Getting started with PyPDF2
With Python being my usual go to Swiss Army Knife for many things, I first installed this very useful package to give it a go:
pip install PyPDF2
I had read about PyPDF2 in Automate the Boring Stuff with Python so at least I had a starting point. PyPDF2 has also has some changes in the latest version 3.0.1 which you can read about in the documentation and migration guide so some of the functions have changed. I put together the following CLI tool using the PyPDF2 package:
import PyPDF2
import re
import time
import sys
def main():
if len(sys.argv) != 2:
sys.exit("Usage: python pdf_searcher.py filename.pdf")
filename = sys.argv[1]
file = open(filename, "rb")
pdf_reader = PyPDF2.PdfReader(file) # Formerly PyPDF2.PdfFileReader(file)
number_of_pages = len(pdf_reader.pages) # Formerly pdf_reader.getNumPages()
start = time.time()
print("Type your search term and hit enter")
print("You can add as many search terms as you like")
print("Once you're done, hit enter to continue...")
search_terms = get_search_terms_from_user(search_terms = [])
for i in range(0, number_of_pages):
page = pdf_reader.pages[i] # Formerly pdf_reader.getPage(i)
page_content = page.extract_text() # Formerly page.extractText()
for search_term in search_terms:
if re.search(search_term, page_content):
print(f"Matched '{search_term}' on page {i}")
print(f"Program took {time.time() - start} seconds")
def get_search_terms_from_user(search_terms: list) -> list:
search_term = str(input("Search term: "))
if search_term != "":
search_terms.append(search_term)
return get_search_terms_from_user(search_terms)
else:
return search_terms
if __name__ == "__main__":
main()
This accepted a filename as a command line argument, followed by a prompt to enter search terms.
Optimising the PyPDF2 script
So this was a good start and a fun program for searching a single PDF but some optimisations were needed. In addition, the program needed to search an entire directory of files so it needed extending. The program didn't need to find every word that matched the search criteria in the given document, just that it does in fact occur in there at least once. So to optimise based on that use case, once it's certain that the search term does exist for the given document, it doesn't have to look for that word again saving time.
import PyPDF2
import re
import time
import sys
import os
import glob
def main():
directory = os.path.dirname(os.path.abspath(__file__))

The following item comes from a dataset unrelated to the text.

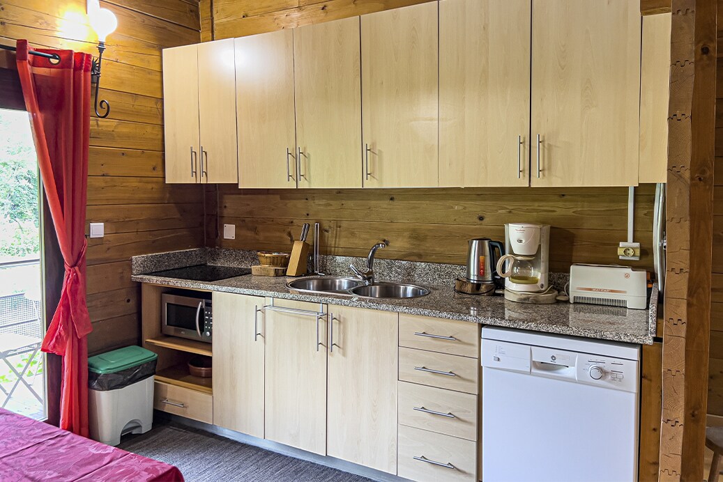 The Chalet is surrounded by nature, with green areas, trees, plants, and excellent sun exposure. It has a bedroom with a bunk bed (a double bed that 'acts as a sofa' and on top a single bed). The toilet has a shower. The kitchen/living room has a table, chairs and benches. Exterior balcony with Jacuzzi, tables and sun loungers. Leisure area and gardens with tables, hammocks and slides, balls. Fenced property, for exclusive use. Excellent for sports; gymnastics, badminton, paintball, others.

pdf_filepaths = glob.glob("**/*.pdf", recursive=True)
start = time.time()
results = {}
for filepath in pdf_filepaths:
print(f"Searching document {filepath}")
search_terms = ["hurricanes", "walt", "avenue", "disney", "mercedes"]
filename = os.path.basename(filepath)
found_terms = {}
file = open(filepath, "rb")
pdf_reader = PyPDF2.PdfReader(file) # Formerly PyPDF2.PdfFileReader(file)
number_of_pages = len(pdf_reader.pages) # Formerly pdf_reader.getNumPages()
for i in range(0, number_of_pages):
page = pdf_reader.pages[i] # Formerly pdf_reader.getPage(i)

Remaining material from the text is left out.